Рузвельт почувствовал огромное облегчение, даже радость, когда услышал слова Шуматовой: «На сегодня достаточно, господин президент!» На часы он взглянул уже после того, как Приттиман доставил его в спальню и усадил в кресло.

На мгновение у него мелькнула мысль, что надо пригласить Люси. Она, наверное, обижена: в течение всего сеанса он был так занят своими мыслями, что почти не обращал на нее внимания. Но тут же он подумал, что пригласить Люси в спальню и остаться с ней наедине нельзя. Это было бы недопустимым нарушением этикета.

Но если бы президент и послал кого-нибудь за Люси, ее не нашли бы ни в коттедже, ни в «Маленьком Белом доме».

В эту минуту она переступала порог другого дома – того, в котором жил Говард Брюнн.

Люси пошла туда, заранее придумав правдоподобное объяснение – на тот случай, если встретит по дороге кого-либо из обитателей «Маленького Белого дома». Она скажет, что ей нужны капли or насморка. Но ей даже не пришлось воспользоваться этим предлогом – Люси никого не встретила, а охранники знали, что для нее никаких запретов не существует.

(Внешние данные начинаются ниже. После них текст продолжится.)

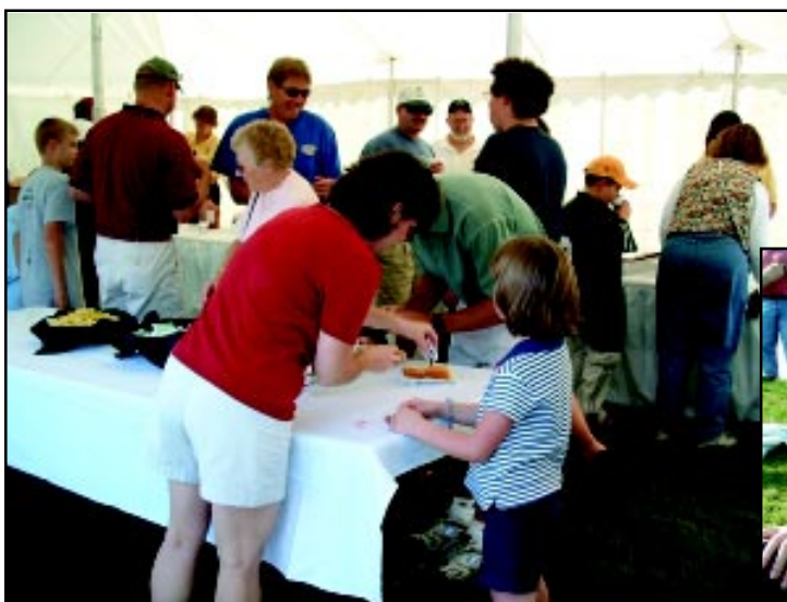
Left: Alumni enjoy hotdogs, cider and doughnuts in the Alumni Tent, which is hosted by the Alumni Board.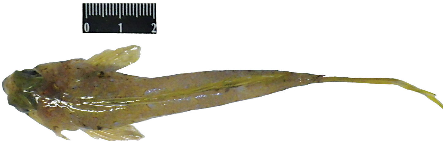
Figure 2. Callionymus petersi, n. sp., MNHN 2016-0004, paratype, male, 89.5 mm SL, Papua New Guinea, New Ireland Province, 8.5 km westnorthwest of Kavieng. Photograph taken immediately after collection (scale indicates 20 mm).

Diagnosis. A species of the subgenus Callionymus ( Bathycallionymus ) with a short head (3.9–4.3 in SL); eye large (2.1–2.3 in head length); preopercular spine with a long, slightly upcurved main tip, a small antrorse serra followed by two large curved points on its dorsal margin and a strong antrorse spine at its base, ventral margin smooth, slightly concave; first dorsal fin higher than second dorsal fin in the male, slightly lower than second dorsal fin (female), with 4 spines, first spine filamentous (male only); second dorsal-fin high, distally convex (male) or low, distally nearly straight (female), with 9 unbranched rays (last divided at base); anal fin with 9 unbranched rays (last divided at base); 18 pectoral-fin rays; caudal fin elongate (male), the two median rays unbranched, elongate but barely filamentous (male), or distally rounded, without filaments (female); pectoral-fin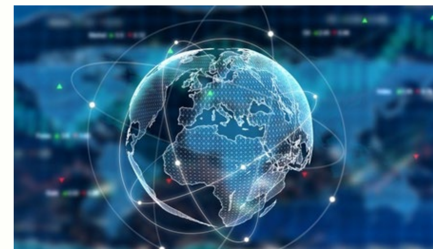
Strategic Global Positioning

И вот она нажала кнопку звонка справа от дощатой двери коттеджа, и почти тотчас же на пороге появился доктор Брюнн в своей военно-морской форме.

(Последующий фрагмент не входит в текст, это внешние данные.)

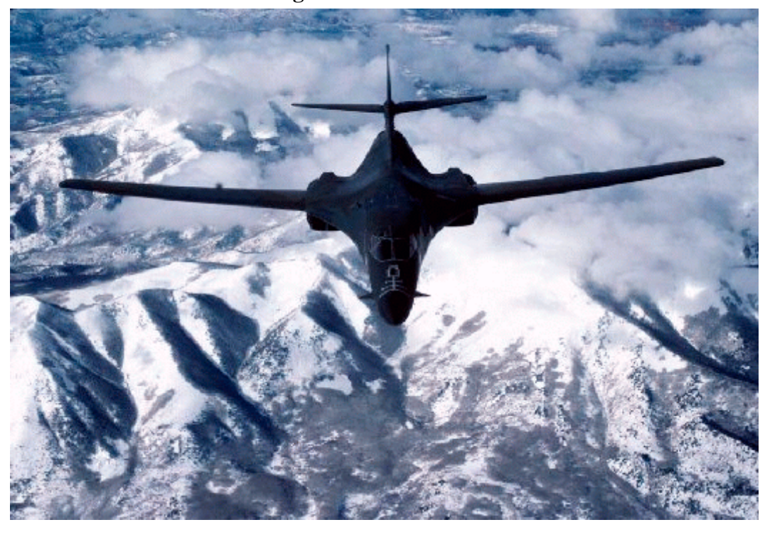
Figure 3. B-1B Lancer

Like all the long-range bombers currently serving in the Air Force, the B-1B was designed to carry nuclear weapons deep into Soviet territory during the Cold War. The plane's supersonic speed, reduced radar signature, and large payload gave it important advantages over the B-52, even though its range was shorter. Since the end of the Cold War, the Air Force has adapted the B-1B to carry conventional weapons, although its value in conventional warfare has only been tested in the recent conflicts in Afghanistan (2001) and Iraq (2003). The B-1B has the largest payload capacity of the three bombers and can carry a broad array of precision and non-precision weapons. Ongoing upgrades will increase the variety of weapons it can carry and will enable it to deliver three different munitions to separate targets in a single sortie, a first among U.S. warplanes.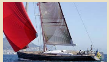
MRS SEVEN 30.20 m 8/4 East Mediterranean 52,000/46,000 €/week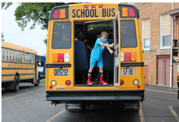
Students learn to open the emergency exit door.

Pickaway Elementary recently conducted evacuation drills. The drivers gave instructions on how to exit the bus and the students were focused on the goal...getting everyone off the bus safely and quickly!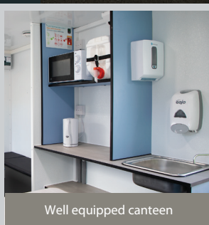
Well equipped canteen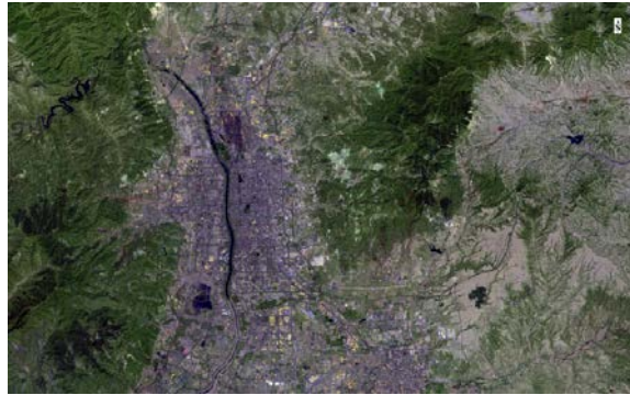
Figure.3 7, 6, 4 band synthesis

3) 5, 6, 4 false color synthesis, because the 6 band can make soil and water display higher contrast, so this color synthesis method can effectively distinguish land and water. The river in the mountains as shown below can be displayed more clearly than true color synthesis.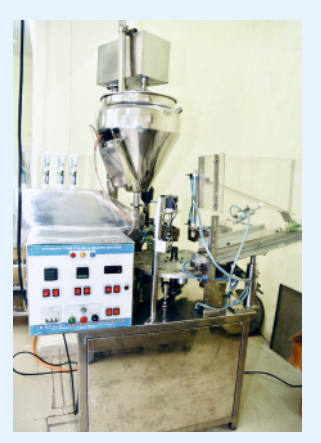
Automatic tube filling, sealing and coding machine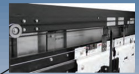
New Closed Loop Door Operator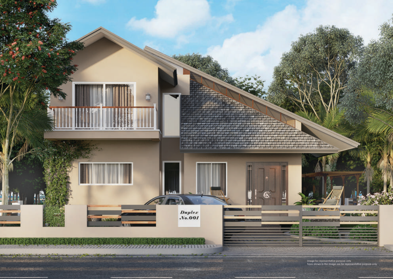
Image for representative purpose only Trees shown in the image are for representative purpose only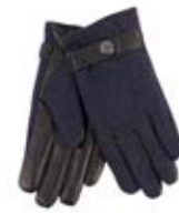
NAVY HERRINGBONE GLOVE40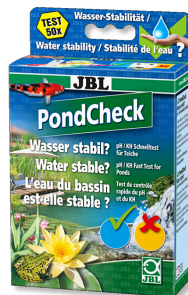
JBL PondCheck Quick test to determine the pH and KH values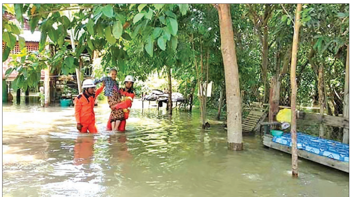
A member of rescue team carries an elderly woman at the outskirts of township in Mandalay Region.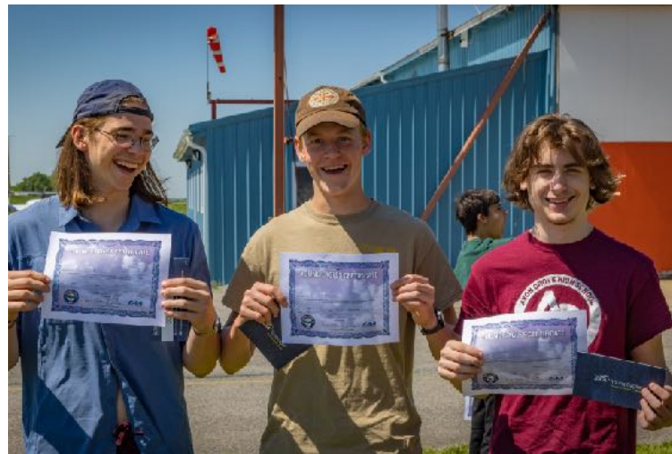
Boy Scout 'Young Eagles'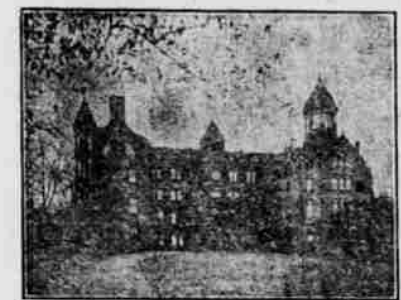
St. Helen's Hall, Portland, Or. Resident and Day School for Girls Catalogue on Request.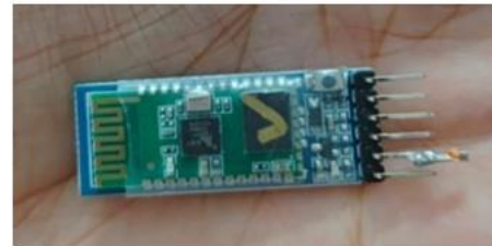
Fig: HC05 Bluetooth module

Wireless communication is swiftly replacing the wired connection when it comes to electronics and communication. Designed to replace cable connections HC-05 uses serial communication to communicate with the electronics. Usually, it is used to connect small devices like mobile phones using a short-range wireless connection to exchange files. It uses the 2.45GHz frequency band. The transfer rate of the data can vary up to 1Mbps and is in range of 10 meters. The HC-05 module can be operated within 4-6V of power supply. It supports baud rate of 9600, 19200, 38400, 57600, etc. Most importantly it can be operated in Master-Slave mode which means it will neither send or receive data from external sources.

– Миссис Разерферд? – несколько удивленно произнес он, увидев Люси, и тут же, отступив на шаг, сказал: – Прошу вас!

Когда Люси переступила порог, он закрыл дверь и спросил:

– Что привело вас ко мне? Вы себя плохо чувствуете?

Брюнн держался очень почтительно. Как и все окружение президента, он хорошо знал, какую роль играет эта женщина в жизни Рузвельта, но, придерживаясь установленных правил игры, не показывал и вида, что ему об этом известно.

Он проводил Люси в свой крошечный кабинет, усадил на один из стульев, стоявших у письменного стола, а сам сел напротив.

– Итак, миссис Разерферд, чем я могу вам помочь? – подчеркнуто внимательно спросил Брюнн и вдруг увидел, что ее большие глаза, всегда такие веселые и приветливые, наполнились слезами.

Однако он сделал вид, что не заметил этого, и, слегка подавшись вперед, ждал, что скажет Люси.

Наконец она произнесла тихо, точно опасаясь, что ее может услышать кто-нибудь, кроме Брюнна:

– Я… боюсь, доктор.

– Боитесь? – удивленно приподнял брови молодой врач. – Но чего же?

– Я боюсь… за президента. Сегодня во время сеанса он выглядел так, как… никогда.

– Как никогда? – переспросил Брюнн. – Что вы хотите этим сказать?

– Не знаю… Не знаю, доктор. Но он… не мог держать голову. Будто она чересчур тяжелая. Правда, собравшись с силами, он снова поднимал ее. Но ненадолго. И все же дело не в этом…

– А в чем же? – теперь уже встревоженно спросил Брюнн.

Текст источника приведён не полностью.